This is likely a very basic question, but I have not been able to find an answer (or even someone posing this question), so here goes.
Let $P_k(n) = \sum_{m=1}^n m^k$. It is well-known that
$$\displaystyle P_3(n) = \left(\frac{n(n+1)}{2}\right)^2.$$
In particular, $P_3(n)$ is a perfect square as a polynomial in $n$. Is $k = 3$ the only $k$ for which this is the case? That is, does there exist $k \geq 4$ such that $P_k(n)$ is a perfect $\ell$-th power for some $\ell \geq 2$?
There is no other $k$.
Faulhaber's formula for $F_k(x)$ has rational coefficients and leading term $1/(k+1)$. If $F_k(x)$ is the square of a polynomial, we have $$ F_k(x) = \frac{g(x)^2}{k+1}$$ where $g(x)^2$ is monic with rational coefficients. Now $g(x)$, being the square root of a monic polynomial with rational coefficients, has rational coefficients (in fact the square root of a monic polynomial over the rationals can be written as a Laurent series over the rationals; it is a polynomial if the terms in negative powers of $x$ are all $0$).

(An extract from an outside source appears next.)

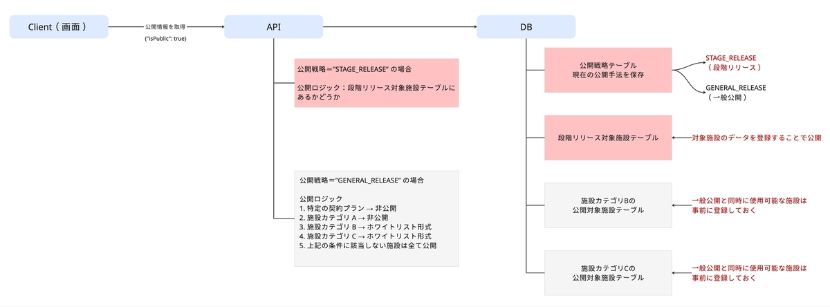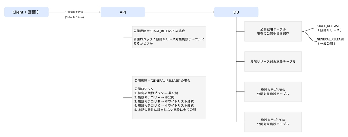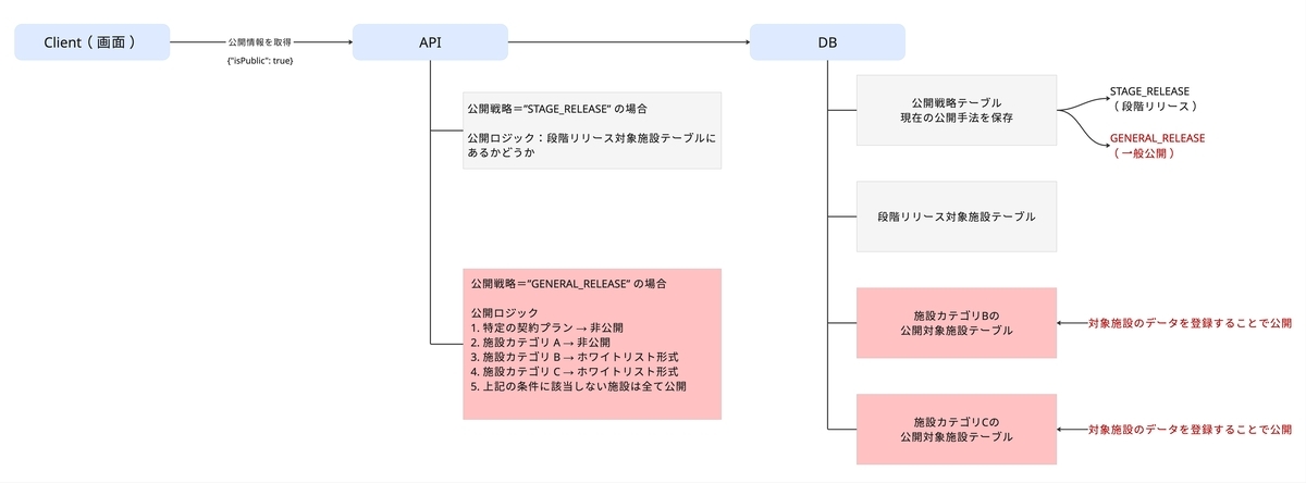 ポイントは、公開戦略テーブルに、現在の公開方法を管理し、バックエンド側で公開戦略に応じた公開条件の判定を行うようにしたことです。

In particular, $$ 1 + 2^k = \frac{F_k(2)}{F_k(1)} = \frac{g(2)^2}{g(1)^2} $$ is the square of a rational number, and thus the square of a positive integer $m$. But $1 + 2^k = m^2$ means $(m-1)(m+1) = 2^k$, so both $m-1$ and $m+1$ are powers of $2$. The only powers of $2$ that differ by $2$ are $2$ and $2^2$, which gives us the case $k=3$.